Experts at a recent forum said electricity is the biggest expense for industrial firms, accounting for about a fourth of total costs.
Federation of Philippine Industries (FPI) president George Chua said electricity expense, on the average, accounts for three percent of total production cost incurred by manufacturing firms and even goes higher for material industries such as cement, paper products, iron and steel, industrial chemicals, plastic products, glass products, petroleum refining and rubber products.
A recent study commissioned by power distribution giant Manila Electric Co. (Meralco) showed its rate is third highest in the region in 2016, down from second in 2011. Its tariff is also the fourth highest in Asia-Pacific and 16th worldwide.
This situation is becoming a tough sell for foreign investors to build industries in the Philippines compared with neighboring countries such as Indonesia, Thailand and Malaysia, UP School of Economics professor emeritus Dr. Raul Fabella said.
“Both Filipino-Chinese tycoons and up-and-coming startups from Taiwan, are either moving out of the country to put up their factories in China, or giving us a miss for Vietnam or Thailand, where electricity rates are nearly a third of ours. Electricity in Thailand costs nearly half that of ours, while that in Indonesia is only a fifth of ours,” he said.
The flourishing renewable energy (RE) sector is a welcome development for power-intensive industries but experts warned its expansion should be done in caution to have a sustainable long-term solution to the nation’s energy challenges.

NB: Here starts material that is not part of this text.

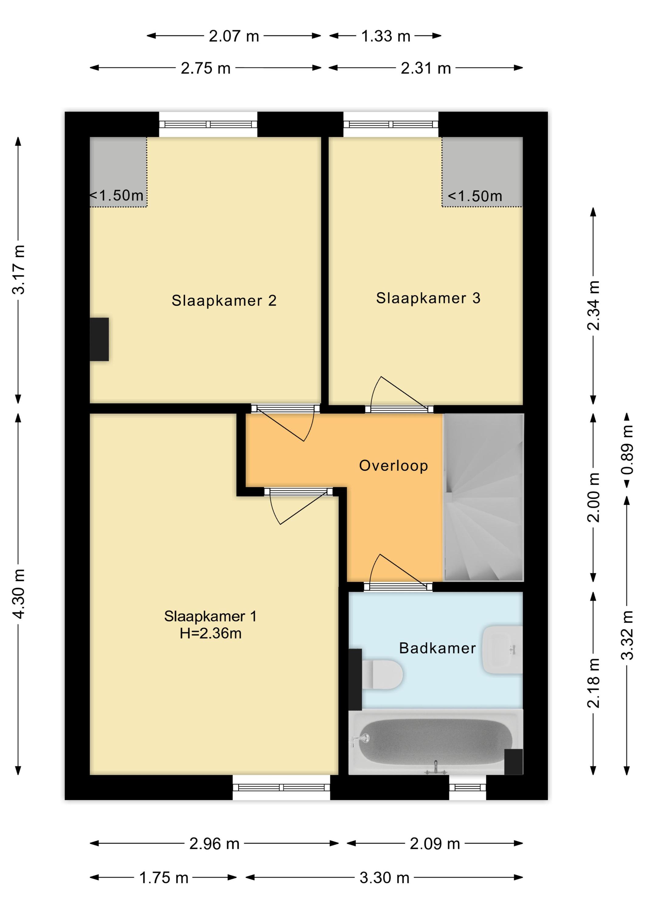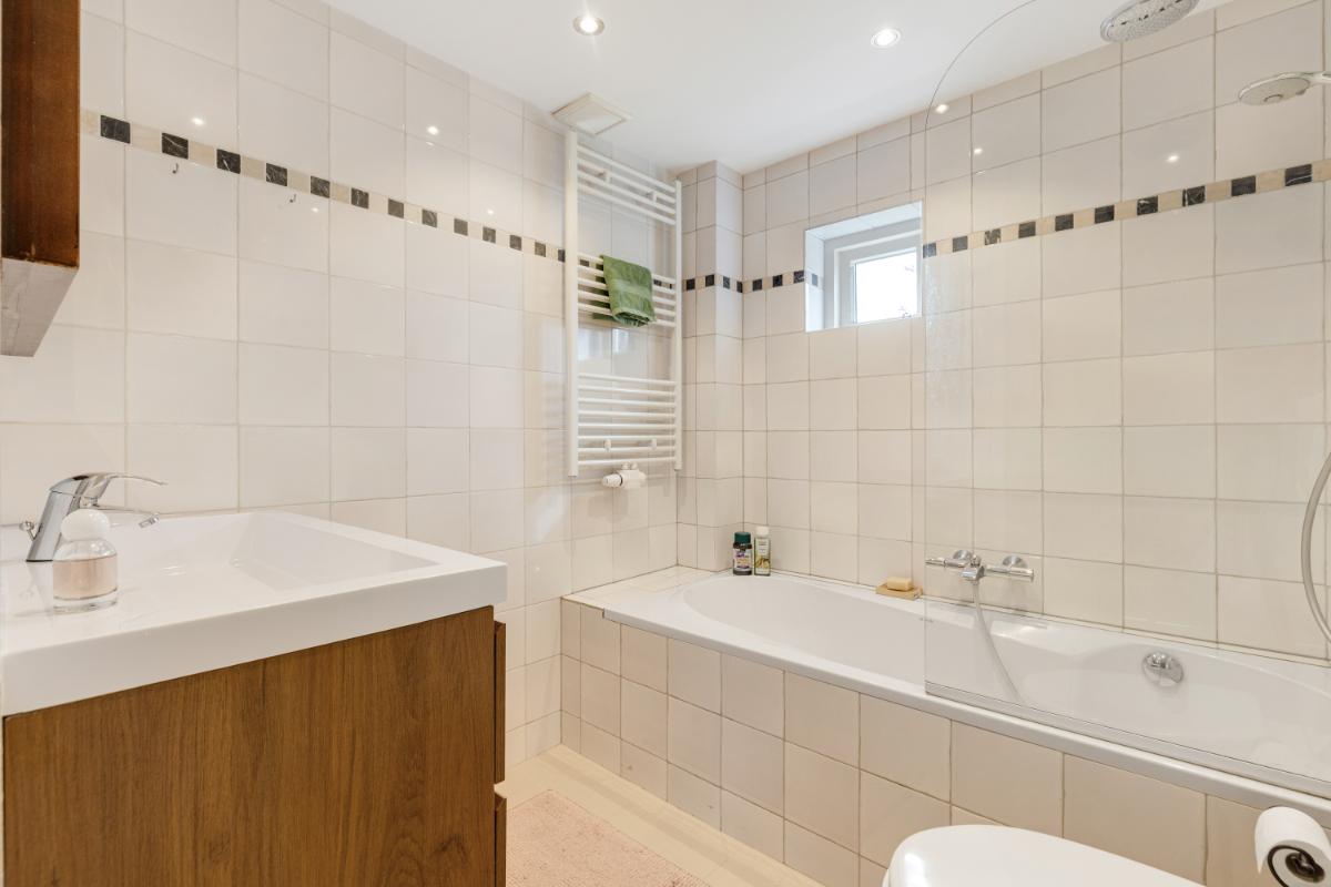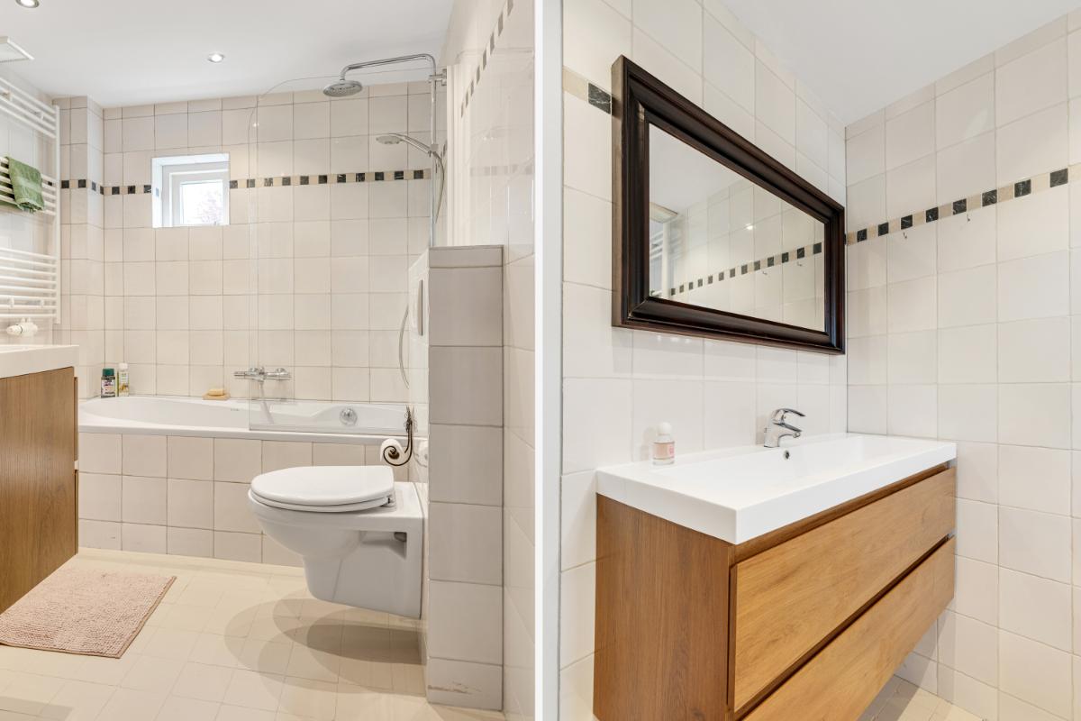 Eerste verdieping: de overloop geeft toegang tot drie slaapkamers en de badkamer. De ouderslaapkamer aan de voorzijde is netjes afgewerkt en biedt voldoende ruimte voor een comfortabel slaapvertrek. Aan de achterzijde bevinden zich twee slaapkamers, beide voorzien van een dakkapel, wat zorgt voor extra ruimte en licht. De badkamer is compleet uitgevoerd met een ligbad met douche, wastafelmeubel en designradiator. Het aanwezige raam zorgt bovendien voor een prettige lichtinval en natuurlijke ventilatie.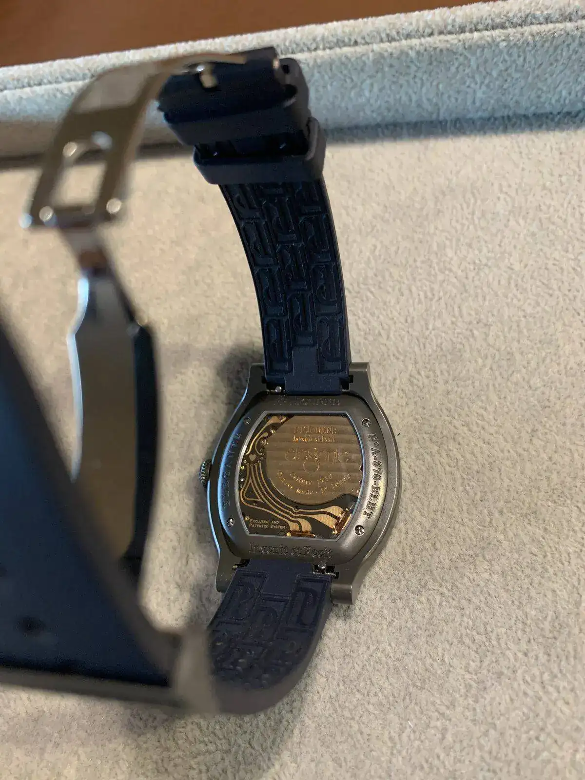 Conociendo, entonces esta fantástica trayectoria de F. P. Journe, no era sencillo el explicar que hubiese lanzado al mercado un simple reloj de cuarzo. Y claro, ahí estaba el error, que no era “simple”. Sobre todo cuando el propio Journe expresó que le había llevado ocho años de desarrollo. El mecanismo del reloj implica una parte claramente de estructura de pila con su correspondiente cuarzo, otra parte más tecnológica de un microprocesador y otra parte que es totalmente mecánica. La diferencia con otros cuarzos sobre todo es esa parte mecánica. Se trata de un detector de movimiento que lo han hecho visible en la esfera aproximadamente a las 4. Cuando este mecanismo observa que el reloj lleva 30 minutos sin moverse envía constancia de ello al microprocesador que en ningún momento deja parado su reloj interno pero ordena que el tren de rodaje y las agujas se detengan. De esa forma el ahorro de energía es enorme cuando no hay movimiento puesto que la energía que precisa el microprocesador para mantener su reloj interno activo es mínima. Se estima que la duración de la pila de este modelo debería extenderse hasta los 10 años en un uso regular pero incluso hasta más allá de los 18 años si ese uso no es constante (gente con más de un reloj suele haber muchos y sobre todo durante tantos años). Simplemente quitándose el reloj para dormir conseguiríamos añadir muchos años a la duración de la pila. Esto supone un ahorro en mantenimiento tremendo en comparación con cuarzos estándar con el cambio de pila y de juntas cada tres/cuatro/cinco años.

Fabella said all sectors should continue RE development as this will aid in curbing climate change. “But as with any big initiative, we must proceed with caution and extensively study the weaknesses of our innovations, lest they come back to haunt us,” he said.
But too much development of RE will spell more costs shouldered by consumers under the feed-in tariff (FIT) scheme.
“The more RE is utilized in the country’s energy mix, the longer we remain a country with the most expensive electricity. There are serious economic consequences to that. Expensive power makes industrialization less than viable. That spells lesser jobs created and more people poor,” Minimal Government Thinkers Inc. president Bienvenido Oplas Jr. said.
Chua also said “the only reason we have investments going into renewable energy is because a tariff is imposed on all electricity consumers to subsidize alternative power generation. That tariff raises power costs for everyone.”
In the meantime, the Philippines – particularly the manufacturing sector – will continue to depend on coal power for at least five more years, Chua said, as growing businesses seek cheap electricity.
“Philippine power costs are very expensive, that hurts our competitiveness in manufacturing,” he said. “So we really need coal, it’s one of the cheapest sources of power for a country with one of the highest costs in Asia.”